Am Montag, den 20.01.2025 haben sich einige der bisher nicht auffindbaren Beschuldigten aus dem Budapest-Komplex an verschiedenen Orten in Deutschland den Strafverfolgungsbehörden gestellt. Einer der Beschuldigten, Zaid, befindet sich aktuell in der JVA Köln-Ossendorf.

Für den Genossen besteht die akute Gefahr einer Auslieferung nach Ungarn und einer anschließenden Abschiebung nach Syrien, aufgrund seiner syrischen Staatsbürgerschaft.

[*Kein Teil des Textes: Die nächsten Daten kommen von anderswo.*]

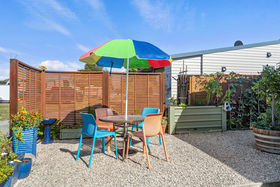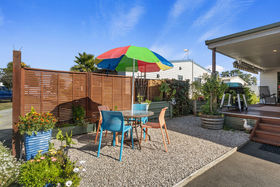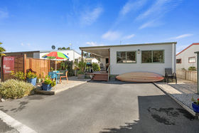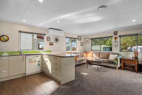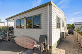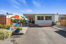 The relocatable home is offered for sale, with the site leased from Tahuna Beach Camp - contact Andrew Follows for more information.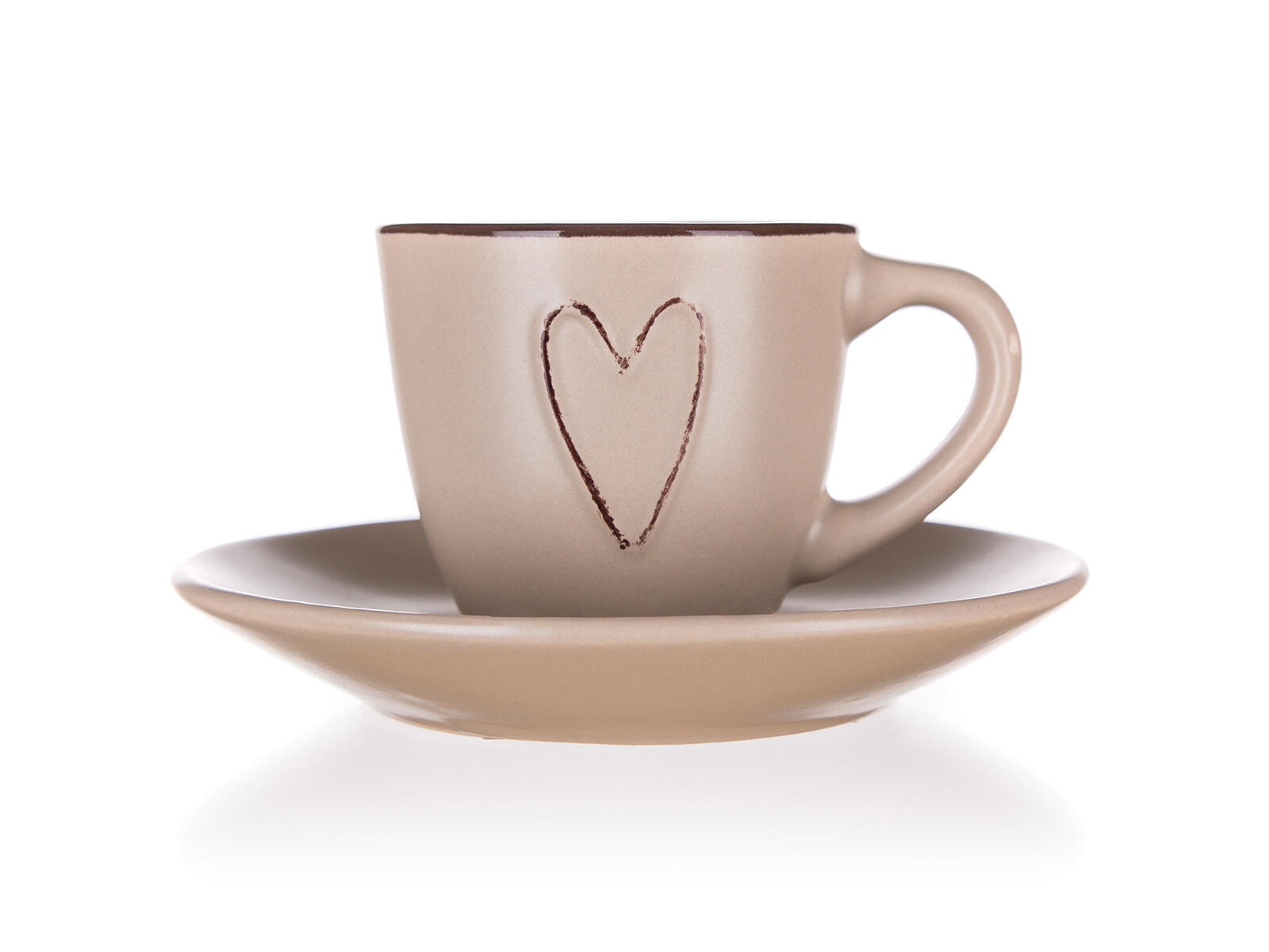 šálek + podšálek 80ml HEART BÉŽ keramickýSkladem70 Kč/ sada58 Kč bez DPH

Fast zwei Jahre lang haben ebendiese Behörden Zaid und die anderen Beschuldigten, ihre Angehörigen und Umfelder drangsaliert, ausspioniert und versucht in die Enge zu treiben. Mit medialen und behördlichen Öffentlichkeitsfahndungen, Hausdurchsuchungen, Observationen und Anquatschversuchen wurde die gesamte Bandbreite polizeilicher und justizieller Maßnahmen ausgeschöpft.

Ob die deutschen Behörden die Beschuldigten an die rechtsautoritäre Regierung Ungarns ausliefern werden, wie sie dies auch bei Maja getan haben, wissen wir nicht. Was wir aber wissen ist, dass das harte Vorgehen gegen antifaschistische Praxis ein Angriff auf uns alle ist!

Genau wie denen, die sich gegen diesen Schritt entschieden haben, gilt unsere volle Solidarität denjenigen Beschuldigten, die selbstbestimmt die Entscheidung getroffen haben, sich zu stellen.

Schließt euch deshalb unserem Aufruf an, verbreitet ihn und kommt alle am 22.01.25 um 19:00 Uhr zur Kundgebung vor der JVA Köln um laut zu sein und Zaid und den anderen Beschuldigten zu zeigen, dass wir solidarisch hinter ihnen stehen und an sie denken.

Wir fordern, dass unsere Genoss*innen nicht an das ungarische Regime ausgeliefert werden!

Wir fordern: Free Zaid und Free All Antifas!